CAIRO, May 3 (RIA Novosti) - An international conference on Iraq adopted an aid for reforms deal with Iraq in the Egyptian resort of Sharm el-Sheikh Thursday.

"The participants unanimously supported the resolution in favor of an international effort to help Iraq out of the crisis," UN Envoy to Iraq Ashraf Kasi said.

Speaking at the final meeting, Iraqi Prime Minister Nuri al-Maliki reassured the conference about Iraqi's intention to honor its commitments under the deal.

The document called International Compact is a five-year action plan for the Iraqi government and its international sponsors to build a united and safe democratic state in exchange for political and economic reforms.

Delegations from 60 countries, most of them represented at foreign ministerial level, are participating.

The UN secretary general, the Arab League head and the EU high representative for foreign policy also took part.

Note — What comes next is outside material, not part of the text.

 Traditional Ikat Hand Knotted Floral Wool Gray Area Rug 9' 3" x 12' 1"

Alexander Saltanov, a deputy foreign minister, represented Russia.

"The initiative is aimed at establishing a partnership between the Iraqi government and the international community," The Egyptian foreign ministry spokesman said.

On Wednesday, U.S. President George Bush vetoed a congressional bill linking $124.2 billion in additional military funding to the withdrawal of U.S. troops from Iraq by a deadline of April 1, 2008.

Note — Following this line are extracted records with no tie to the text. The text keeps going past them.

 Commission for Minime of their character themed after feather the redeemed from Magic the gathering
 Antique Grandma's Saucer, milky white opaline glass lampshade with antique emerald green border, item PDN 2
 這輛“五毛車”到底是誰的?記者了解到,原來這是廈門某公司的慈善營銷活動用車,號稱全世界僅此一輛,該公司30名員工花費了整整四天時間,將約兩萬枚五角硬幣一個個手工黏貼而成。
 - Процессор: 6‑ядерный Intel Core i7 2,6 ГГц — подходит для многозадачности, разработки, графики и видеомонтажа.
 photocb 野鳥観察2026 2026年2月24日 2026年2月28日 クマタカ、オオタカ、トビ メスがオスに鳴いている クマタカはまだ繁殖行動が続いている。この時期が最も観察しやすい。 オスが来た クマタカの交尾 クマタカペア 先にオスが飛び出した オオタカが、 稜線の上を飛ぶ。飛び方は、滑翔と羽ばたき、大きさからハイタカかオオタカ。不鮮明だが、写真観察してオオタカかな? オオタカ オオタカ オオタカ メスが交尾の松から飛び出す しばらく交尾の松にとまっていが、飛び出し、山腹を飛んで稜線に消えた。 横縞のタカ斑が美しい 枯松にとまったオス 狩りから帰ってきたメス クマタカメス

Speaking at the White House during a special televised broadcast, Bush called the congressional bill unacceptable, adding that it was only the second time in six and a half years that he had to use the presidential right to veto.

"Setting a deadline for the withdrawal [of troops] would be setting a date for failure," he said, adding that it would demoralize Iraqis and give a signal to the Middle East that America will not keep its commitments.

At preliminary consultations in Sharm el-Sheikh, the participants of the prospective meeting in Egypt agreed not to include the troop withdrawal into a draft final statement, the Egyptian news agency MENA quoted a high-ranking diplomat as saying Wednesday.

Earlier, an Iraqi government representative said Baghdad is against including the item into the statement because foreign troop withdrawal is only possible after Iraqi security forces are able to take responsibility for law and order.

Egypt, Turkey, Syria, Iran, Saudi Arabia, Kuwait, permanent UN Security Council members and G8 members are expected to attend the ministerial meeting.